_WHAT IS BEING ASKED_
Each line below from the "可惜,没有第三回合,因为前暴" line through the "主要是杭州歌剧院有个叫徐梦迪" line, those two included, must be restated word for word; the pictures must not be.

_RECORD SET_

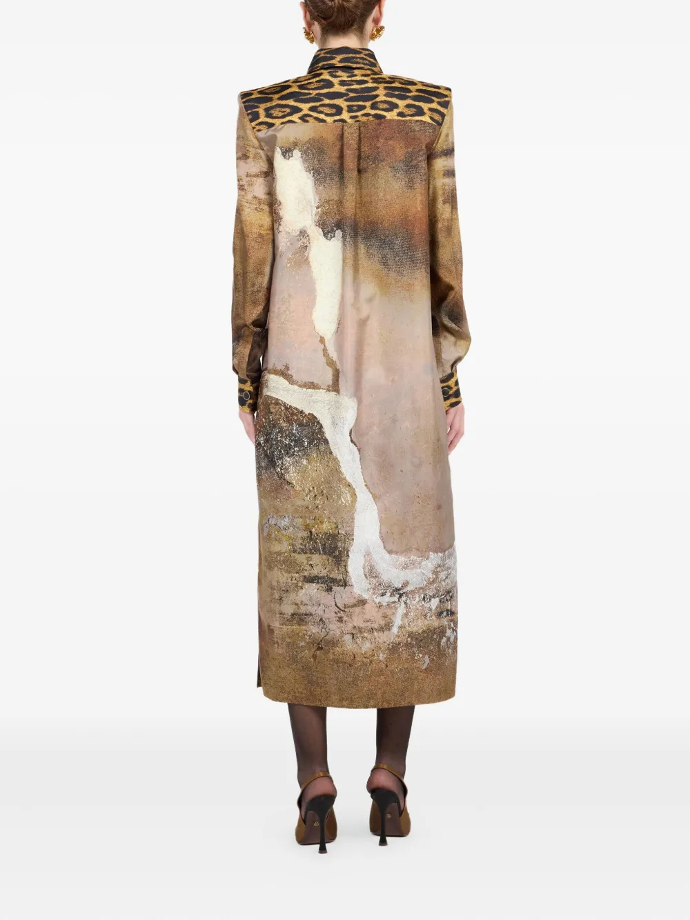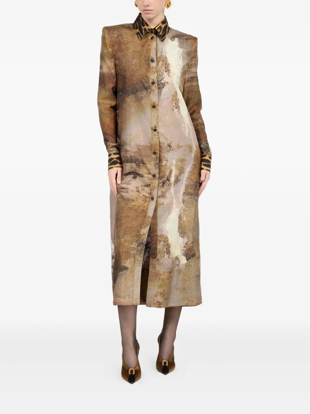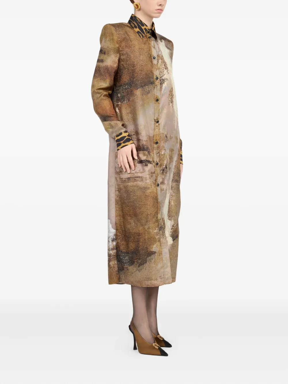 Платье-рубашка с мраморным принтом Roberto Cavalli, коричневый
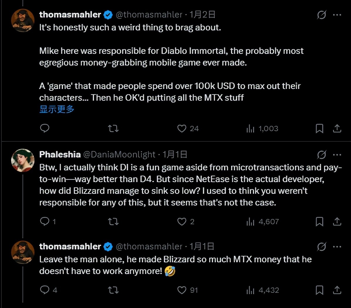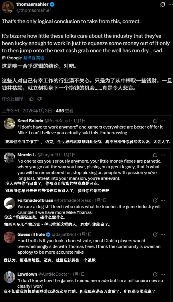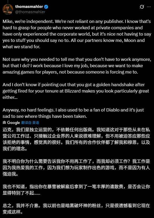 可惜,没有第三回合,因为前暴雪游戏总监不再回应。但《恶意不息》的制作人托马斯却越想越气,连带与吃瓜群众的互动,后面又连着发了多条回应。
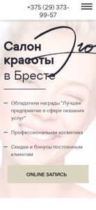 | SEO-описание | Обладатели награды "Лучшее предприятие в сфере оказания услуг". Оказываем широкий спектр услуг: парикмахерские услуги, маникюр/педикюр, уход за лицом, уход за телом и т.д. Используем только профессиональную косметику. Скидки и бонусы постоянным клиентам. |
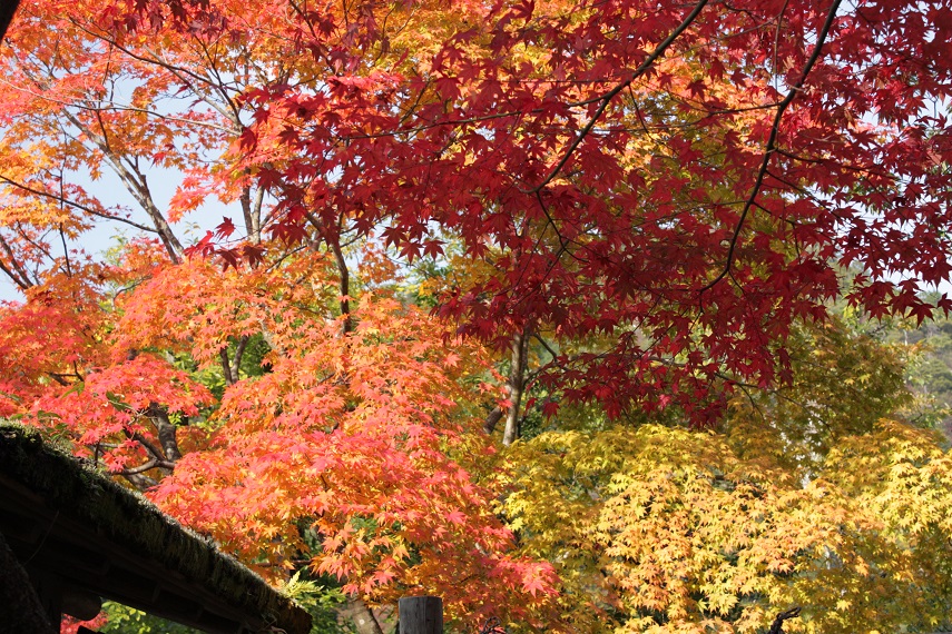 あだしの念仏寺(化野念仏寺)の入場口にある紅葉が絶品の美しさです。この色合いは写真では表現出来ないほどの美しさです。
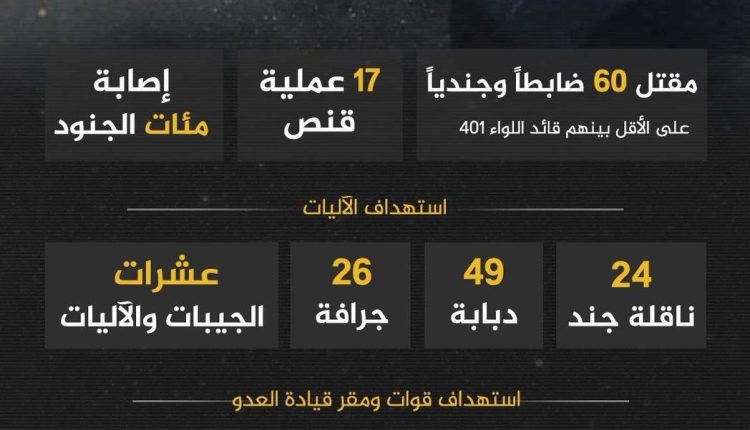 المقاومة تنفذ عمليات نوعية ضد الاحتلال، تسفر عن مقتل 60 جنديًا وإصابة المئات، واستهداف عشرات الآليات العسكرية
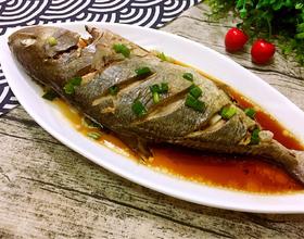 油甘鱼去内脏器官去腹黑洗净后在表面各切几刀,姜切丝,葱切葱花备用
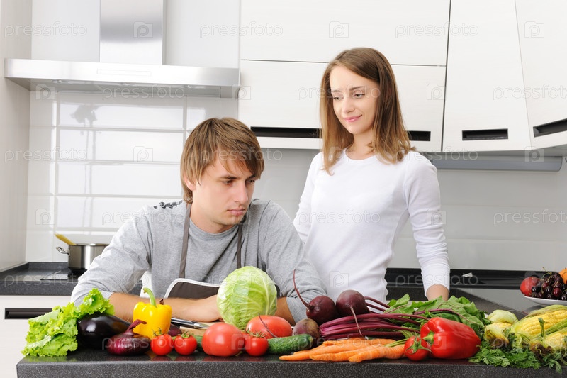 Молодая пара на кухне
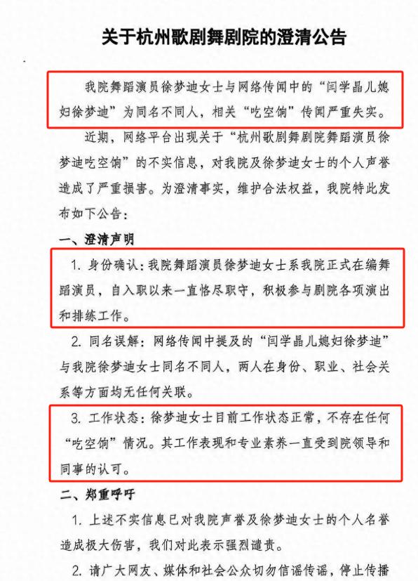 主要是杭州歌剧院有个叫徐梦迪的,是有“铁饭碗”的,而徐女士却总跟着婆婆直播带货,也不去公演,
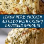 A delightful Lemon-Herb Chicken Alfredo featuring tender chicken breasts seasoned with fresh herbs and lemon zest, served over creamy Alfredo pasta. This dish is complemented by spicy feta cheese and crispy roasted Brussels sprouts tossed with Parmesan for a perfect balance of flavors and textures, making it a satisfying and elegant meal.
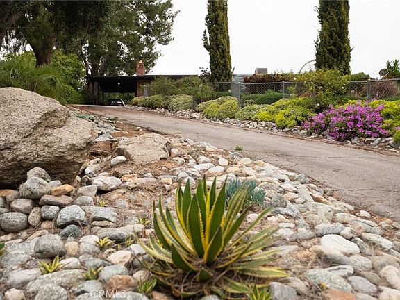 Near UCR and nestled in the hills of University Heights, this mid-century gem offers privacy, space, and spectacular views. A long, secluded driveway welcomes you to a beautifully maintained single-story, 3-bedroom, 2-bath home, designed for both comfort and style. Step inside the great room, where an open beam ceiling, wood floors, and a brick-faced fireplace create a warm and inviting atmosphere. The adjacent formal dining area seamlessly connects to the updated kitchen, featuring ample cabinetry, generous counter space, and sleek stainless-steel appliances. For a more relaxed dining experience, enjoy the breakfast area, complete with overhead inset lighting, a built-in buffet, and a pass-through window to the kitchen—perfect for morning coffee or casual meals. The home boasts three spacious bedrooms, each with wood flooring and energy-efficient ceiling fans. A separate indoor laundry room adds to the convenience. Outside, nearly half an acre of private, desert-inspired landscaping awaits. Stroll along a charming garden path or unwind in the sparkling in-ground pool and spa, safely cross-fenced for security. A grassy play area provides an ideal space for kids or pets. For vehicle enthusiasts or those in need of extra space, there’s an attached carport plus a detached 3-car garage with a workshop—offering versatility and functionality. Energy efficient leased solar system. This exceptional property blends timeless mid-century design with modern convenience, making it the perfect retreat.
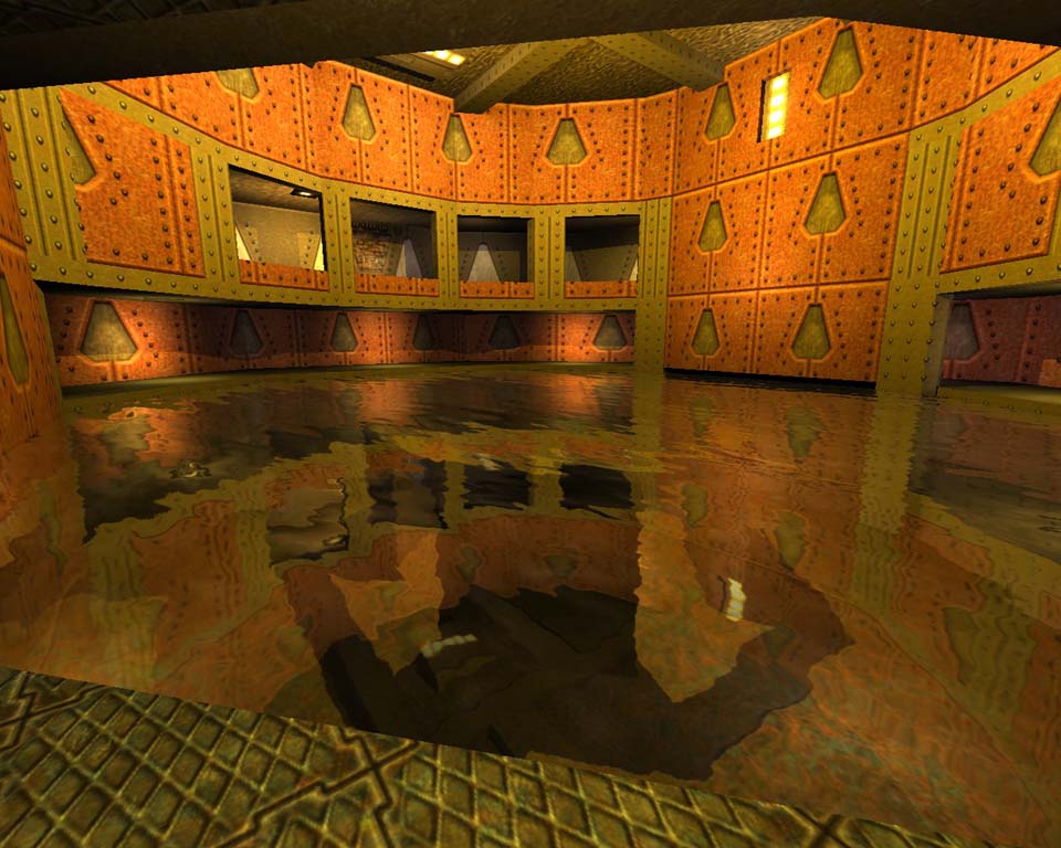 The only giveaway is because Darkplaces shadows doesnt seem to always show in the water- making it appear quite bright and uniform color- if it reflected the dark underside of the obstacles above, it would work perfectly to cover up that other issue.
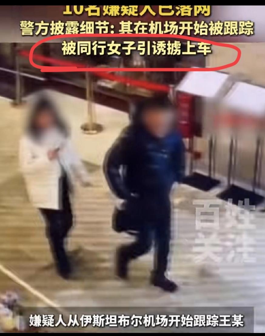 浪漫土耳其不浪漫,38岁商人王某魂断土耳其,死状悲惨,被人胶带捆绑垂直埋到庄稼地里。 抓到的10名嫌犯里,唯一的女性就是在机场引诱他上车的女人。 1月19号王某与女子用餐后失联,1月24日王某的律师报J。 视频里的女人身材苗条,披肩长发,跟在王某身后用手机发信息,王某一回头她马上就把手机放下,看着很乖巧的模样。 等到了外面,王某就被四个大汉塞进车里,视频里能听见惊恐的喊叫声。 这群人抢人抢车抢手机(车在事发当天被遗弃),说是嫌犯与他有债务纠纷,转移资产后杀人抛尸。 色字头上一把刀,这句话到哪个时代都有含金量。
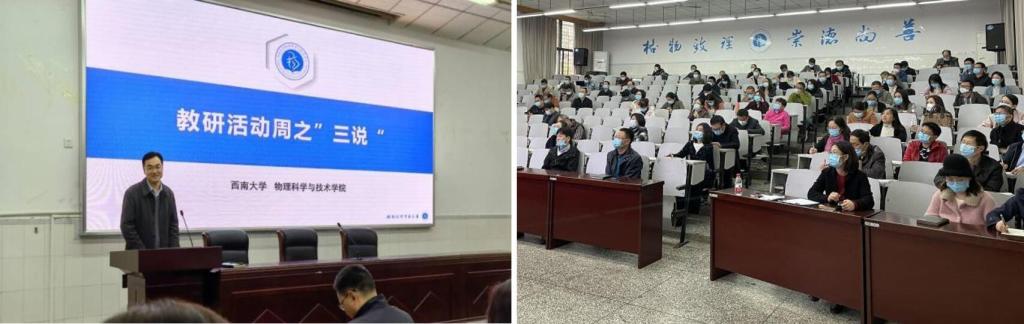 为深入贯彻新时代全国高等学校本科教育工作会议精神,加快建设高水平本科教育,全面建设高素质专业化创新型教师队伍,落实立德树人根本任务,进一步提升菠菜论坛 本科课堂教学质量,激发全体教师学习先进教育理念的积极性,按照《西南大学一流本科教育建设实施方案》、《西南大学关于开展“教研活动周”活动的实施方案》要求,菠菜论坛 于2021年11月5日下午14:30,在大阶梯报告厅召开全体教职工大会,开展了第一场教育教学“三说”活动,主题为“教菠菜论坛 长说办学、课程负责人说课程”。活动由赵建伟副院长主持,学校教学督导专家李庆教授、马学兵教授等一行7人应邀参与了活动。
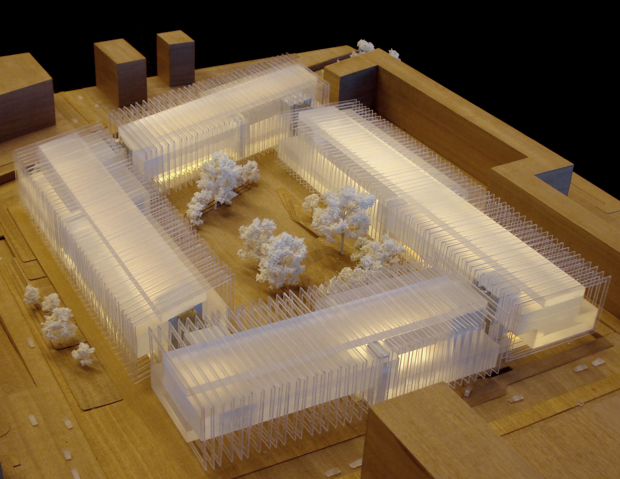El nuevo edificio ha sido concebido con un diseño singular y funcional. Tendrá cinco plantas y estará formado por cuatro volúmenes conectados entre sí creando un cuadrilátero, cuya zona central será un amplio patio arbolado desde el que se accederá al inmueble. A este patio se llegará directamente desde la calle Méndez Alvaro, por la esquina con la calle Estrella Naos, o desde el aparcamiento subterráneo.
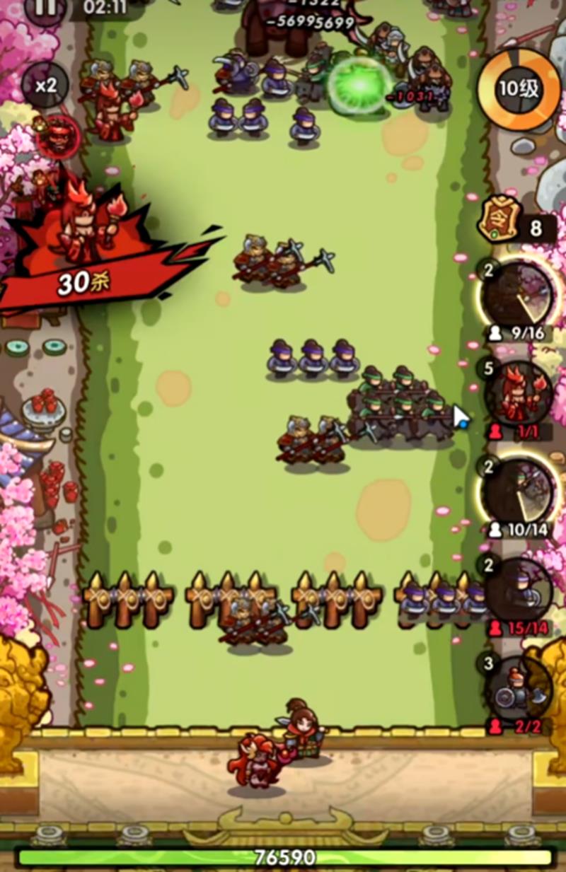 在没有合适的弓兵或火法卡牌时,可以适当选择刀盾兵作为前排单位。刀盾兵能够有效抵挡敌人的攻击,为后排输出兵种提供保护。如果玩家拥有将军令道具,建议直接快速补充弓兵数量,这样能加快弓兵的升级速度,更快形成强大的战斗力。

_ANSWER BOX_
 可惜,没有第三回合,因为前暴雪游戏总监不再回应。但《恶意不息》的制作人托马斯却越想越气,连带与吃瓜群众的互动,后面又连着发了多条回应。
 | SEO-описание | Обладатели награды "Лучшее предприятие в сфере оказания услуг". Оказываем широкий спектр услуг: парикмахерские услуги, маникюр/педикюр, уход за лицом, уход за телом и т.д. Используем только профессиональную косметику. Скидки и бонусы постоянным клиентам. |
 あだしの念仏寺(化野念仏寺)の入場口にある紅葉が絶品の美しさです。この色合いは写真では表現出来ないほどの美しさです。
 المقاومة تنفذ عمليات نوعية ضد الاحتلال، تسفر عن مقتل 60 جنديًا وإصابة المئات، واستهداف عشرات الآليات العسكرية
 油甘鱼去内脏器官去腹黑洗净后在表面各切几刀,姜切丝,葱切葱花备用
 Молодая пара на кухне
 主要是杭州歌剧院有个叫徐梦迪的,是有“铁饭碗”的,而徐女士却总跟着婆婆直播带货,也不去公演,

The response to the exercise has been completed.